The company emphasized it has no plans to develop its own smartphones and is in discussions with multiple phone manufacturers to roll out the AI assistant more broadly. The move positions the company as a potential operating-system-level AI provider rather than a hardware competitor.
The initiative comes as China's tech sector races to define the future of AI-enabled smartphones, with ByteDance leveraging its Doubao large language model's leading position. Doubao had 159 million monthly active users in October, surpassing Tencent's Yuanbao at 73 million and 『DeepSeek』 at 72 million, according to AI product tracking platform Aicpb.com.
Limited Prototype Showcases Advanced Capabilities
The Nubia M153, priced at RMB3,499 ($494), serves as an engineering prototype designed for industry insiders rather than mass-market consumers. The device features a 6.78-inch screen, a 50-megapixel triple-camera system, and runs on the Qualcomm Snapdragon 8 Elite Gen 5 processor.

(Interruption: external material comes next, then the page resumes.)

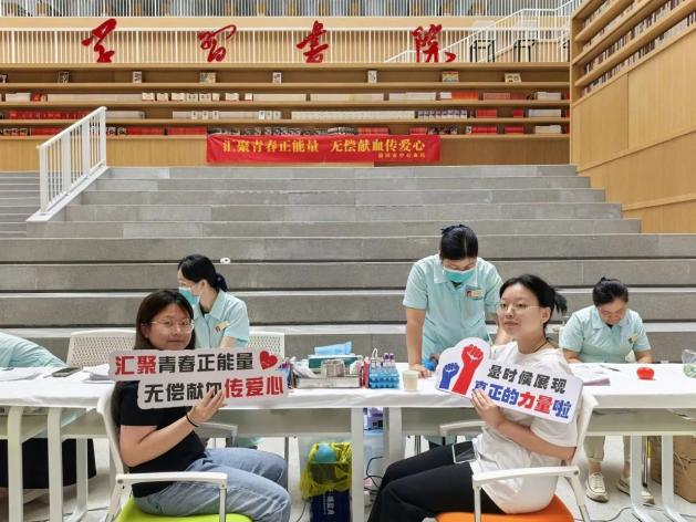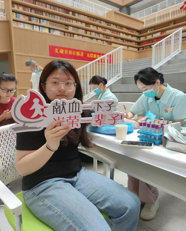 活动现场,图书馆内布置温馨,充满着浓浓的爱心氛围。前来献血的学生们在志愿者的引导下,认真填写献血登记表,市中心血站工作人员耐心地解答同学们的疑问,介绍献血的注意事项和流程。在体检区,医护人员仔细地为每一位同学进行身体检查,确保献血者的身体状况适合献血。

Users activate the assistant through a dedicated AI button on the device's side. A demonstration video showed the assistant performing multi-step operations: identifying a product from an image, searching across Taobao, Pinduoduo, JD.com and Douyin Mall, comparing prices, and selecting the cheapest option for purchase.
The assistant can also book restaurants and transport, add podcast episodes to playlists, and manage work tasks on collaboration platforms like Feishu. With memory function enabled, it records conversations locally, generates to-do lists, and recalls user preferences such as previously booked train seats or delivery locker locations.
ByteDance and ZTE acknowledged the prototype's software "cannot guarantee the functional completeness of a mature mobile product" and may lag behind mainstream flagships. The companies committed to releasing software updates every two weeks through March 2026.
System-Level Integration Strategy
ByteDance's approach centers on operating-system integration rather than app-based functionality. The assistant appears as an overlay without disrupting current applications, allowing users to query information or execute commands through voice or the AI button without switching apps.
"It's been more than a decade since Apple launched Siri in 2011," said Gan Lin from the Doubao Mobile Assistant team. "In 2022, the release of ChatGPT inspired the entire industry to reimagine the potential of mobile voice assistants, and we were part of this collective journey."
The company is developing a Pro mode that directly calls system tools rather than simulating clicks, improving execution efficiency. Demonstrated scenarios showed the assistant planning a Paris trip by marking collected restaurants on maps, checking museum exhibitions based on user preferences, booking tickets, and organizing information into memos.
However, the demonstration revealed limitations. A price comparison task took three minutes and 12 seconds, with the AI missing discount opportunities such as multi-buy offers and payment method rebates. ByteDance acknowledged that due to large language model uncertainty, operations cannot be completed successfully 100% of the time.
Avoiding Direct Hardware Competition
The partnership reflects ByteDance's evolved hardware strategy. In 2019, the company acquired part of struggling smartphone brand Smartisan, launching the Nut Pro 3 and Nut R2, which underperformed. The phone team was later merged into the education department for student gadgets.